Retype the data that follows exactly. No pictures belong in the copy.

### DATA PROVIDED
==============================

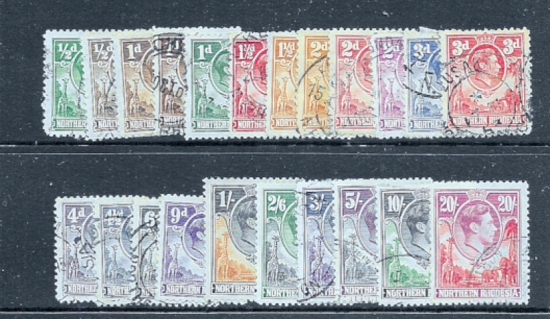 Northern Rhodesia 1938 set to 20s FU, the 3s value with couple of short perfs. Includes 1d chocolate shade. Cat £170 (22)
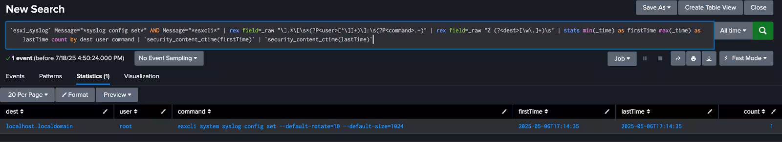 `esxi_syslog` Message="*syslog config set*" AND Message="*esxcli*"
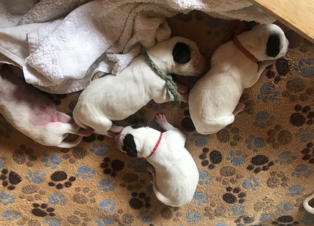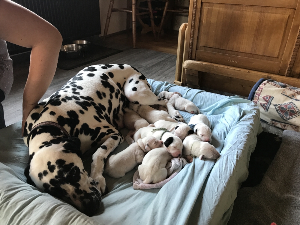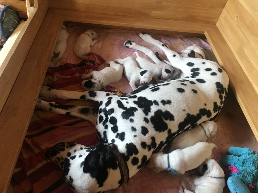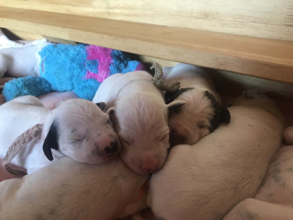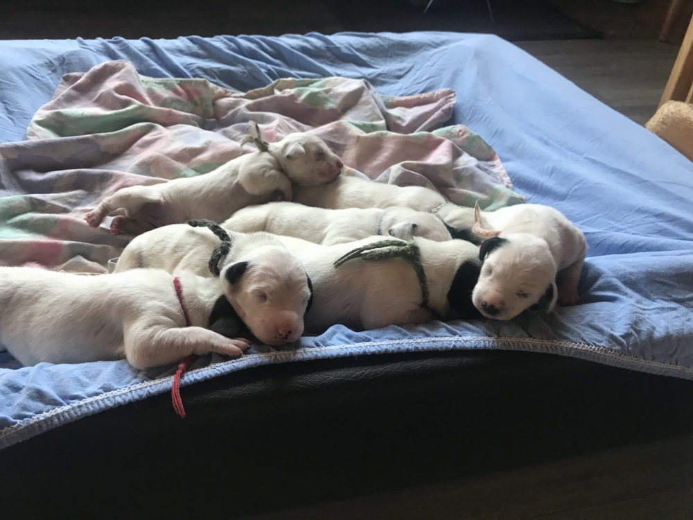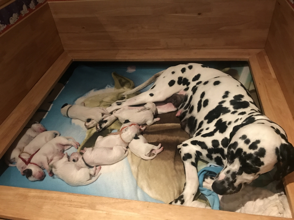 Durch die Wurfkiste robben die Zwerge schon recht schnell und auch über Mama 🙂

==============================

### SOLUTION TO THIS PROBLEM
 Northern Rhodesia 1938 set to 20s FU, the 3s value with couple of short perfs. Includes 1d chocolate shade. Cat £170 (22)
 `esxi_syslog` Message="*syslog config set*" AND Message="*esxcli*"
 Durch die Wurfkiste robben die Zwerge schon recht schnell und auch über Mama 🙂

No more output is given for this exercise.